[Data excerpts]
■ ■ ■ ■
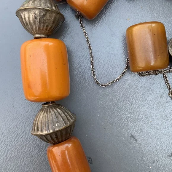 Vintage Bedouin / Yemeni pendant /amulet / hirz necklace with large Butterscotch Amber beads with hollow silver plated ribbed beads in between .Unsigned /unmarked ...Bakelite...
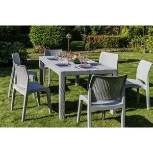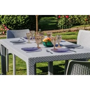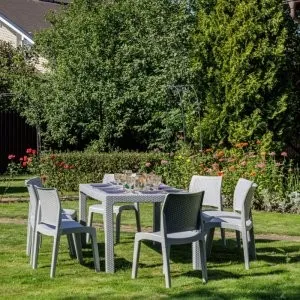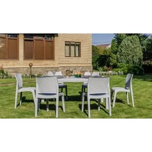 Пластмассовая мебель, как правило, имеет простую форму, несложную конструкцию, но при этом может выглядеть по-разному. Столы, стулья и табуретки из пластика могут быть раскладными и монолитными, могут иметь декоративные детали или не иметь их вообще, могут быть окрашены в любые цвета, дизайн такой мебели может быть выполнен как в классическом, так и в футуристическом стиле. Поэтому каждый потребитель имеет возможность выбрать товары из этой категории, наиболее подходящие к остальному оформлению его дачного участка.
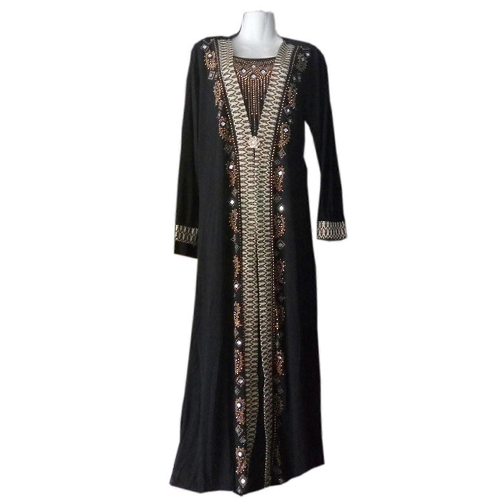 Muslim Dress Full Cover Dress Long Sleeves Women Robe African Lady Stripes Dresses Middle East Clothing for Four Seasons C XL
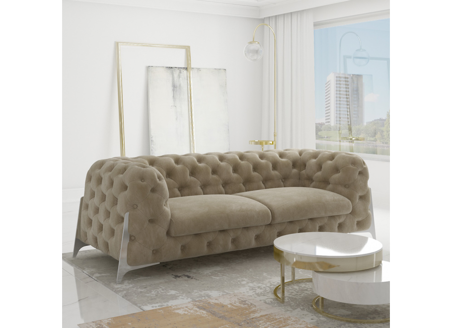 Jasny beż doskonale komponuje się z naturalnymi materiałami, takimi jak drewno, oraz dodatkami w złocie czy czerni. Sofa została stworzona z myślą o długotrwałym użytkowaniu – zachwyca nie tylko na początku, ale również po latach.
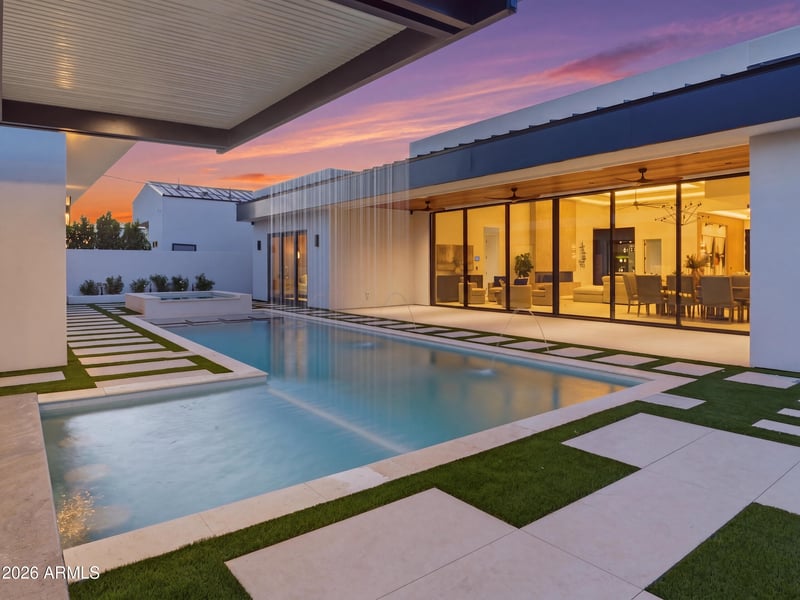 Designed for ultimate comfort and entertainment, the home features a private movie theatre, integrated Sonos sound system with individual controls, and a 7-camera security system monitored via iPad. Energy-efficient features include dual insulated construction, high SEER HVAC systems, reflective-coated roof, tankless water heater, water softener, and whole-home water filtration system. Top of the line electric curtain rod in the living room and the primary bedroom. A beautifully appointed spacious 1-bedroom guest house offers a full kitchen and living area. The primary suite is a luxurious retreat with fireplace, spa-inspired bath, smart features, and a custom walk-in closet. This flawless modern estate is ideally located near Camelback and Hayden, moments from premier dining, shopping, and entertainment.
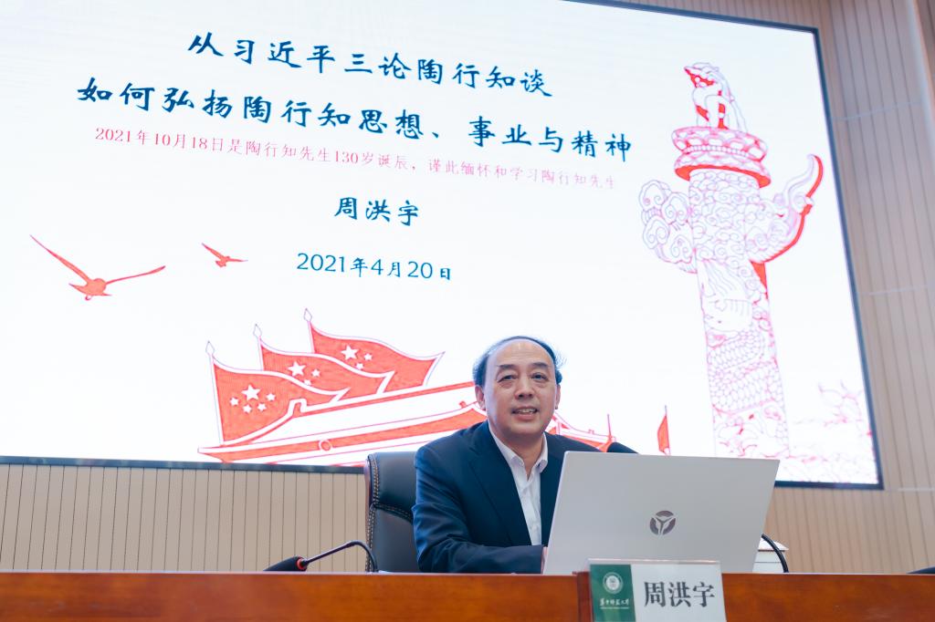 周洪宇为师生们讲述了著名教育家陶行知的生平、经历和成就,深入阐述了其教育思想和爱国精神,以及我们如何继承和发展陶行知思想、事业与精神。他指出,不仅要学习研究陶行知教育思想,还要在理想信念、道德人格、精神品质、思想作风上,学习他人民本位的政治立场和献身教育、播种未来的使命担当,学习他爱满天下的博大胸襟,学习他无私的奉献精神、以身作则的示范精神和开拓求新的创造精神,学习他求真务实的思想作风和知行合一的实践品质。
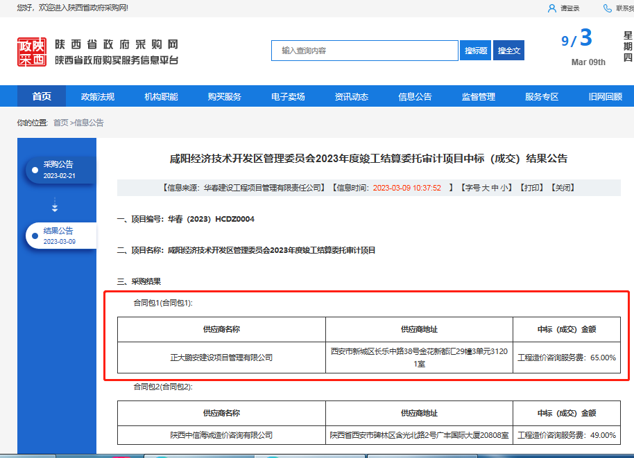 正大鵬安中標(biāo)咸陽(yáng)經(jīng)濟(jì)技術(shù)開(kāi)發(fā)區(qū)管理委員會(huì)2023年度竣工結(jié)算委托審計(jì)項(xiàng)目(一標(biāo)段)
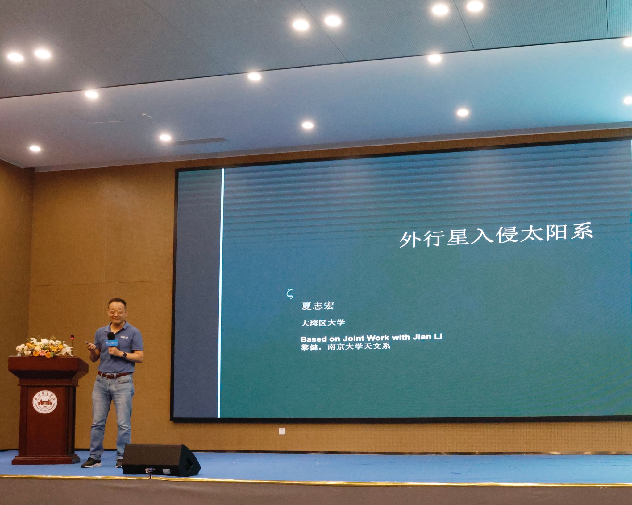 夏志宏教授首先对广州南方学院的诚挚邀请表达衷心的感谢。随后,他向在场师生分享最新研究成果——其带领的研究团队通过精密数学模型与大规模计算模拟,发现了一颗闯入太阳系的外来行星。夏志宏谈到:“这颗外来行星的质量介于土星与木星之间,约为地球的95~318倍,它在大概3亿年前突然造访太阳系,短暂游荡后又离开。”
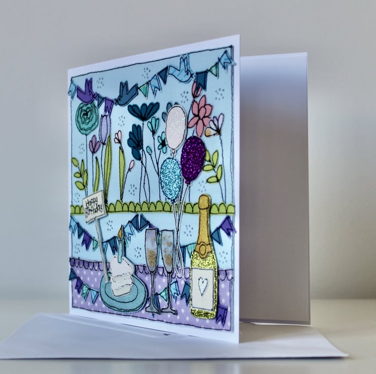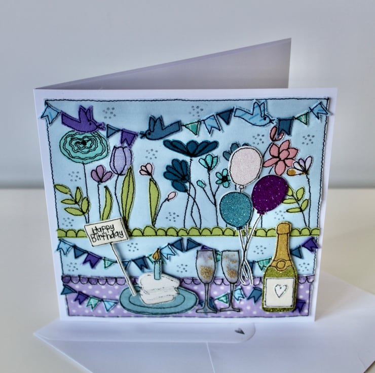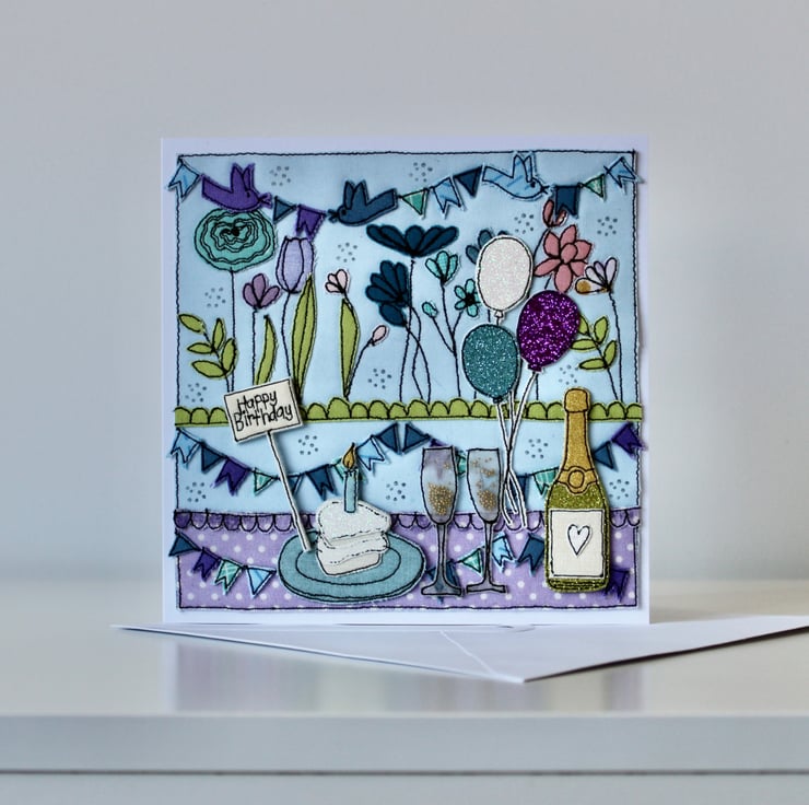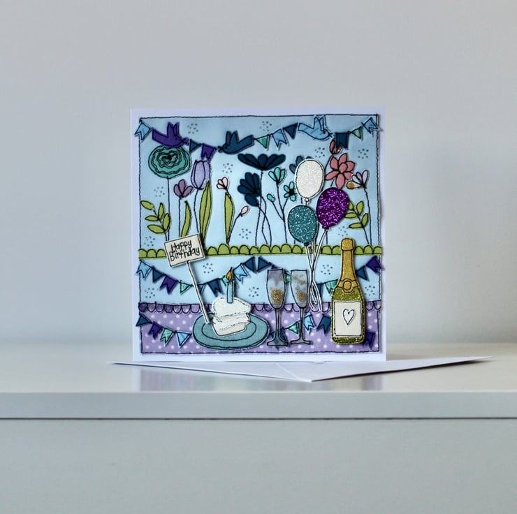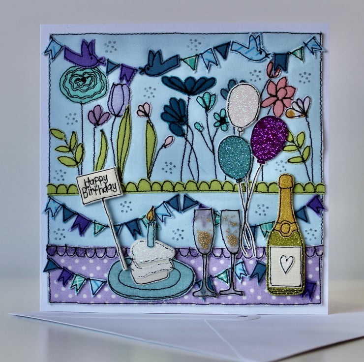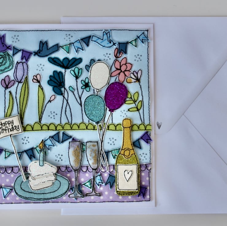 This handmade card has been sewn by me and my sewing machine, using cotton cloth, glitter cloth and metallic fabric; making it totally unique.
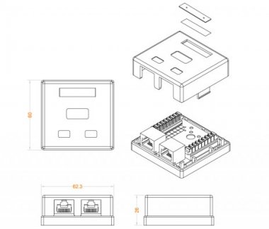 Hyperline SB1-2-8P8C-C5e-WH Розетка компьютерная RJ-45(8P8C), категория 5e, двойная, внешняя, Dual IDC
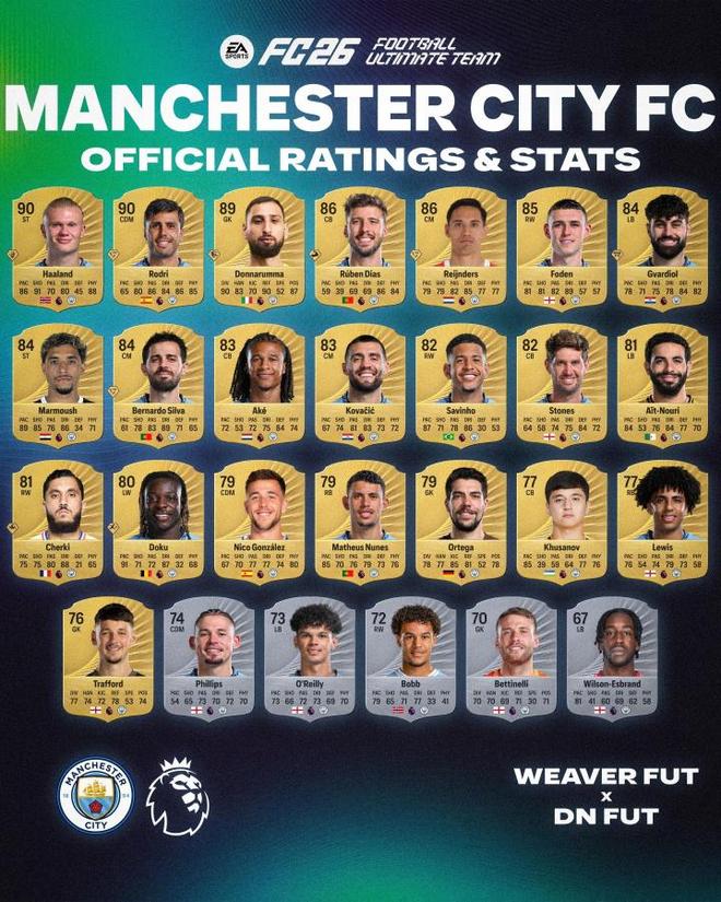 FC26英超球員評(píng)分曝光:薩拉赫領(lǐng)銜!哈蘭德、羅德里、范迪克90分
■ ■ ■ ■
▶ **Your instructions**:
Could you print all the entries exactly as they stand, with the pictures left out?

▶ **Response for this exercise**:
 Vintage Bedouin / Yemeni pendant /amulet / hirz necklace with large Butterscotch Amber beads with hollow silver plated ribbed beads in between .Unsigned /unmarked ...Bakelite...
 Пластмассовая мебель, как правило, имеет простую форму, несложную конструкцию, но при этом может выглядеть по-разному. Столы, стулья и табуретки из пластика могут быть раскладными и монолитными, могут иметь декоративные детали или не иметь их вообще, могут быть окрашены в любые цвета, дизайн такой мебели может быть выполнен как в классическом, так и в футуристическом стиле. Поэтому каждый потребитель имеет возможность выбрать товары из этой категории, наиболее подходящие к остальному оформлению его дачного участка.
 Muslim Dress Full Cover Dress Long Sleeves Women Robe African Lady Stripes Dresses Middle East Clothing for Four Seasons C XL
 Jasny beż doskonale komponuje się z naturalnymi materiałami, takimi jak drewno, oraz dodatkami w złocie czy czerni. Sofa została stworzona z myślą o długotrwałym użytkowaniu – zachwyca nie tylko na początku, ale również po latach.
 Designed for ultimate comfort and entertainment, the home features a private movie theatre, integrated Sonos sound system with individual controls, and a 7-camera security system monitored via iPad. Energy-efficient features include dual insulated construction, high SEER HVAC systems, reflective-coated roof, tankless water heater, water softener, and whole-home water filtration system. Top of the line electric curtain rod in the living room and the primary bedroom. A beautifully appointed spacious 1-bedroom guest house offers a full kitchen and living area. The primary suite is a luxurious retreat with fireplace, spa-inspired bath, smart features, and a custom walk-in closet. This flawless modern estate is ideally located near Camelback and Hayden, moments from premier dining, shopping, and entertainment.
 周洪宇为师生们讲述了著名教育家陶行知的生平、经历和成就,深入阐述了其教育思想和爱国精神,以及我们如何继承和发展陶行知思想、事业与精神。他指出,不仅要学习研究陶行知教育思想,还要在理想信念、道德人格、精神品质、思想作风上,学习他人民本位的政治立场和献身教育、播种未来的使命担当,学习他爱满天下的博大胸襟,学习他无私的奉献精神、以身作则的示范精神和开拓求新的创造精神,学习他求真务实的思想作风和知行合一的实践品质。
 正大鵬安中標(biāo)咸陽(yáng)經(jīng)濟(jì)技術(shù)開(kāi)發(fā)區(qū)管理委員會(huì)2023年度竣工結(jié)算委托審計(jì)項(xiàng)目(一標(biāo)段)
 夏志宏教授首先对广州南方学院的诚挚邀请表达衷心的感谢。随后,他向在场师生分享最新研究成果——其带领的研究团队通过精密数学模型与大规模计算模拟,发现了一颗闯入太阳系的外来行星。夏志宏谈到:“这颗外来行星的质量介于土星与木星之间,约为地球的95~318倍,它在大概3亿年前突然造访太阳系,短暂游荡后又离开。”
 This handmade card has been sewn by me and my sewing machine, using cotton cloth, glitter cloth and metallic fabric; making it totally unique.
 Hyperline SB1-2-8P8C-C5e-WH Розетка компьютерная RJ-45(8P8C), категория 5e, двойная, внешняя, Dual IDC
 FC26英超球員評(píng)分曝光:薩拉赫領(lǐng)銜!哈蘭德、羅德里、范迪克90分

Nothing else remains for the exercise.